We are asking for hundreds of thousands of dollars from our supporters right after an insanely challenging federal election. It’s super challenging. We’re going to be down to the wire again for sure, and then everyone’s really excited to have four weeks to fundraise again to meet the next deadline.
Our team is 100 per cent volunteer-based and I would say 90 per cent of our folks are from rural ridings. Everyone’s doing the best they can to donate their time and energy and their thoughtfulness to this campaign, which is super inspiring.
But it’s disheartening to watch folks take on the added time to do this, when I know we could be doing it differently. The NDP could still get rock star candidates, and we can still have that leadership opportunity if we had a different financial setup.
Candidates are allowed to contribute up to $25,000 of their own money, which I also thought was kind of cute. I don’t have a spare $25,000.
Neither do I.
For those who do, I guess that’s great, but I laughed when one of the other candidates told me that.
But the leadership race is about picking your best person for right now. Who is the person that’s going to lead this party into growth and inclusion and inspiration in a way where we’re just going to rock the next election?
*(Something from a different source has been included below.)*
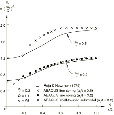 The line spring elements in Abaqus allow inexpensive evaluation of the effects of surface flaws in shell structures, with sufficient accuracy for use in design studies. The basic concept of these elements is that they introduce the local solution, dominated by the singularity at the crack tip, into a shell model of the uncracked geometry. The relative displacements and rotations across the cracked section, calculated in the line spring elements, are then used to determine the magnitude of the local strain field and hence the J-integral and stress intensity factor values, as functions of position along the crack front. This example illustrates the use of these elements and provides some verification of the results they provide by comparison with a published solution and also by making use of the shell-to-solid submodeling technique.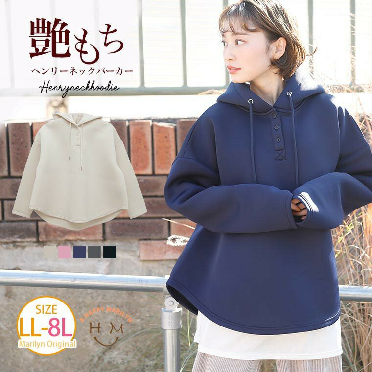 オリジナル パーカ アウター LL 3L 4L 5L 6L 7L 8L 春 春物 春服 ぽっちゃり ゆったり お腹 胸周り 二の腕カバー 腰周り 長袖 かわいい おしゃれ カジュアル ダイバー素材 ヘンリーネック Aライン パーカー | 大きいサイズの通販ならハッピーマリリン

I knew what the price tag was. I knew it was going to be hard.
But would it be better off to see an NDP with — and no offence to my colleagues — a bunch of white people and no representation of equity at all in our leadership? That just kills me, because I also need to know that the leader of the NDP is going to have to inspire me.
I’m going to need to be inspiring, because I’m going to be responsible for driving up memberships. I’m going to be responsible for championing the NDP and saying, “This is your party.”